Friday, August 15, 2014

Who are we to judge?

What happened to that poor hobo lying there on the pavement? What went wrong in his life? Maybe he was just like you and me with dreams in his heart and brilliant ideas in his mind. Surely he also had wonderful flights of fancy about how he would see himself one day. What happened to drive those dreams out of his heart and mind? Or maybe it’s still there, and that is why he is lying there drugged or drunk. Like an old torn up doll, discarded on the rubbish without even a second thought. 



Do you know that man with the red swollen eyes who is staring out in front of him into nothingness? Lying there with his dirty stinking clothes in the way of decent folks on their way to work or their fancy houses. Do you also shudder when he reaches out his dirty broken hands to beg for money or food?  Do you think he doesn't see how much you despise him when you turn away from him in disgust? Don’t you think he hurts when you kick his feet out of your way, or curse him for his uselessness?

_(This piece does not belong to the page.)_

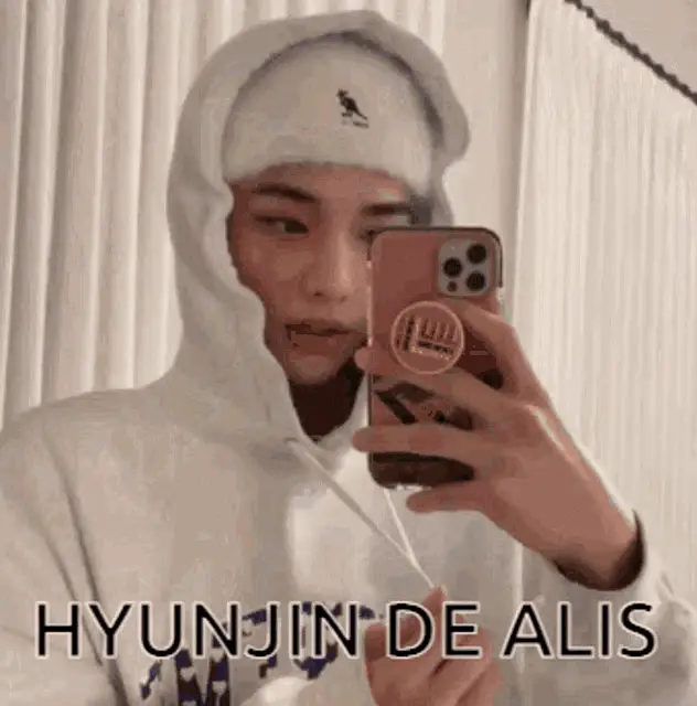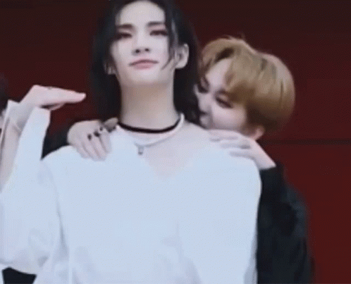 Stray Kids' Hyunjin and Changbin share a playful moment, with Changbin appearing to 'bite' Hyunjin's neck.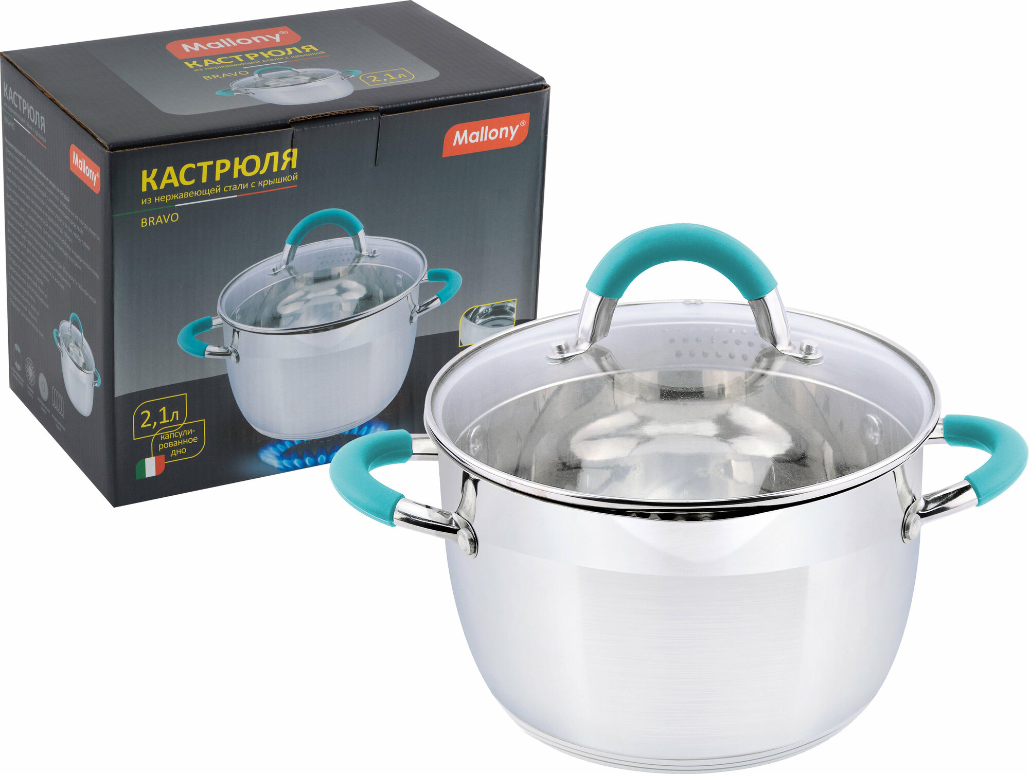 Кастрюля Mallony Bravo 2,1 л, стеклянная крышка, нержавеющая сталь

Maybe he is too lazy to work, or he doesn't see any reason in living any more. Could be he just struggles along every day until death comes to fetch him and release him from this pain of being alive, because he doesn't have the guts to kill himself? Or maybe that is what he is doing right now, drinking himself to death slowly but surely. Dreaming in oblivion of all he had and lost or never even had.

Does he have a family somewhere worrying about him? Or is he all alone in this world? Without anyone’s love in his life he’s slumping there on the dirty sidewalk, alone and lost. He is suffocating the dreams in his heart with alcohol and drugs. 
How he must hurt every day, living a life of no consequence. How painful it must be that there is nobody to wake up for every day, nothing to make his heart sing in happiness. Can you imagine the destitution in his lonely heart?
Who are we to judge him?


Tuesday, August 12, 2014

Can we really prevent suicide?

Every year there is a worldwide Suicide Prevention Day. Can we ever prevent suicide? I really don't know. Statistics prove that someone who attempts suicide repeatedly eventually succeeds. Many who are serious about it don't give away any clues. I never realised my son Emile was in a place where he was planning his own death. Only after I lost him did I realise some of the things that pointed to it. At the time it didn’t seem significant I just thought he was growing up and taking responsibility for his life. 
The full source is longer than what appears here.